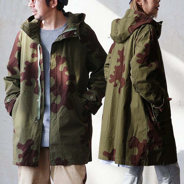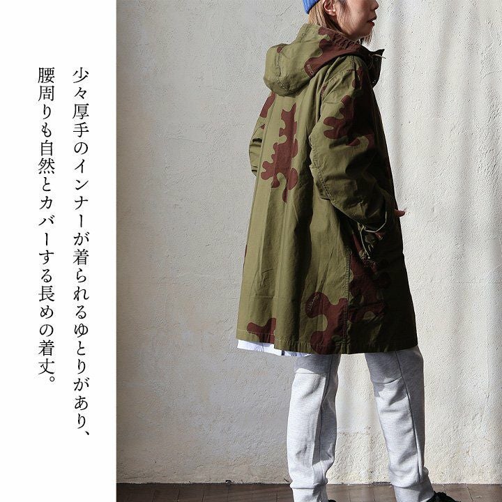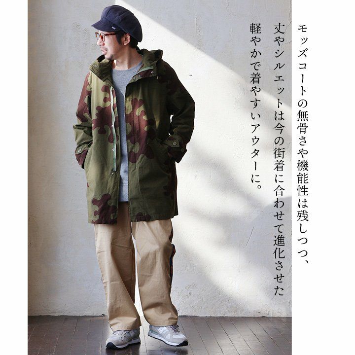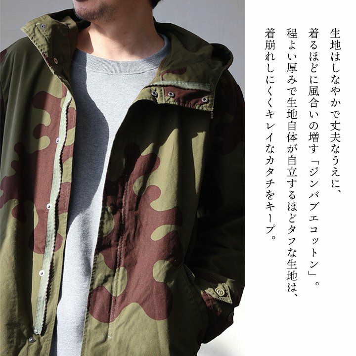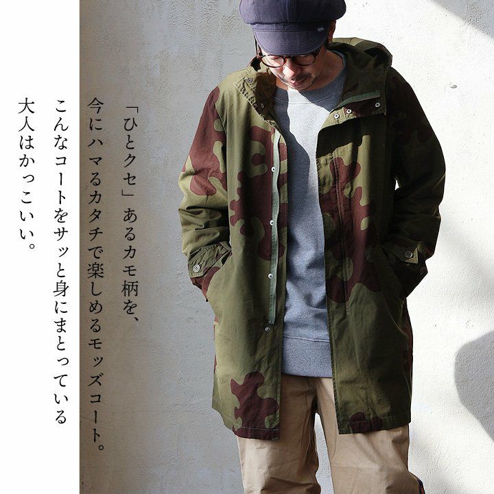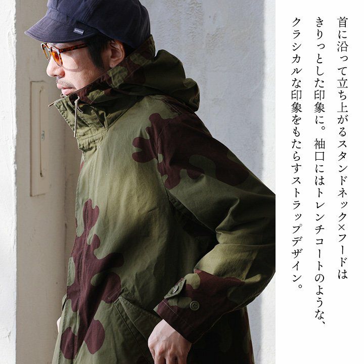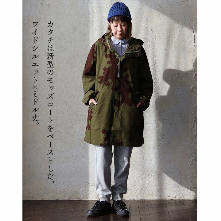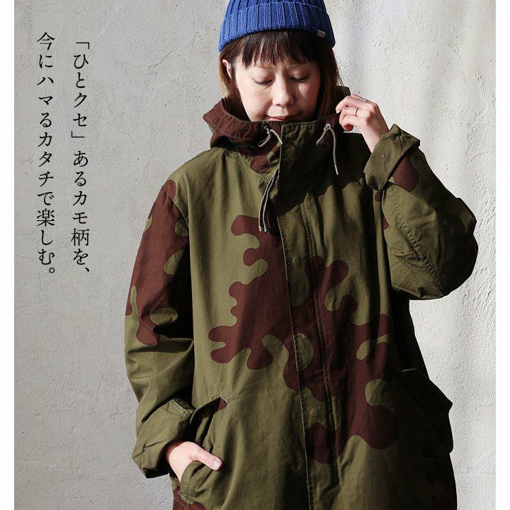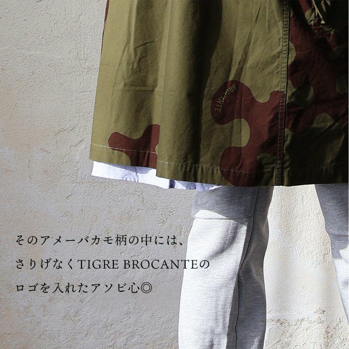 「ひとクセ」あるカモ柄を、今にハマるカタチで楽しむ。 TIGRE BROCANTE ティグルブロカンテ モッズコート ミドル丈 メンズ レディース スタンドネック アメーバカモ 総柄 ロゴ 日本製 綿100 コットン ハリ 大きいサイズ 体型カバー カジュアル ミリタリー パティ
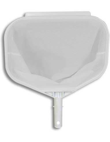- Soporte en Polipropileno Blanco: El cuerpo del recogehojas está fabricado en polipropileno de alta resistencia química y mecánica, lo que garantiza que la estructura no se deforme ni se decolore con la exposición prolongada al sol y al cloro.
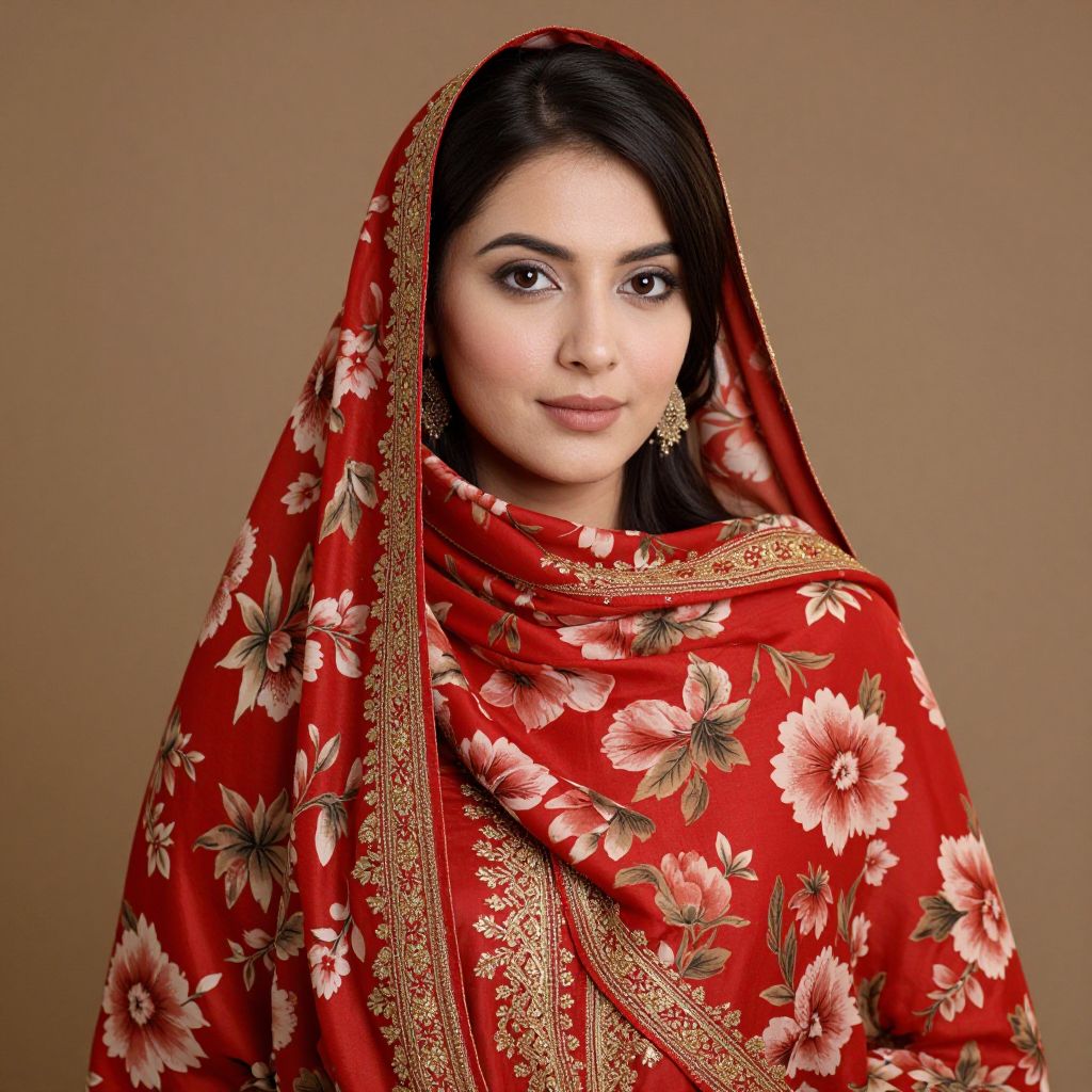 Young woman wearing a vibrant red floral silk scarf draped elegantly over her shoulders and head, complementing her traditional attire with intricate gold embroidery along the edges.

____

# Task directions:
Could you give the listing again exactly, minus its pictures?

# Result of the exercise:
 「ひとクセ」あるカモ柄を、今にハマるカタチで楽しむ。 TIGRE BROCANTE ティグルブロカンテ モッズコート ミドル丈 メンズ レディース スタンドネック アメーバカモ 総柄 ロゴ 日本製 綿100 コットン ハリ 大きいサイズ 体型カバー カジュアル ミリタリー パティ
- Soporte en Polipropileno Blanco: El cuerpo del recogehojas está fabricado en polipropileno de alta resistencia química y mecánica, lo que garantiza que la estructura no se deforme ni se decolore con la exposición prolongada al sol y al cloro.
 Young woman wearing a vibrant red floral silk scarf draped elegantly over her shoulders and head, complementing her traditional attire with intricate gold embroidery along the edges.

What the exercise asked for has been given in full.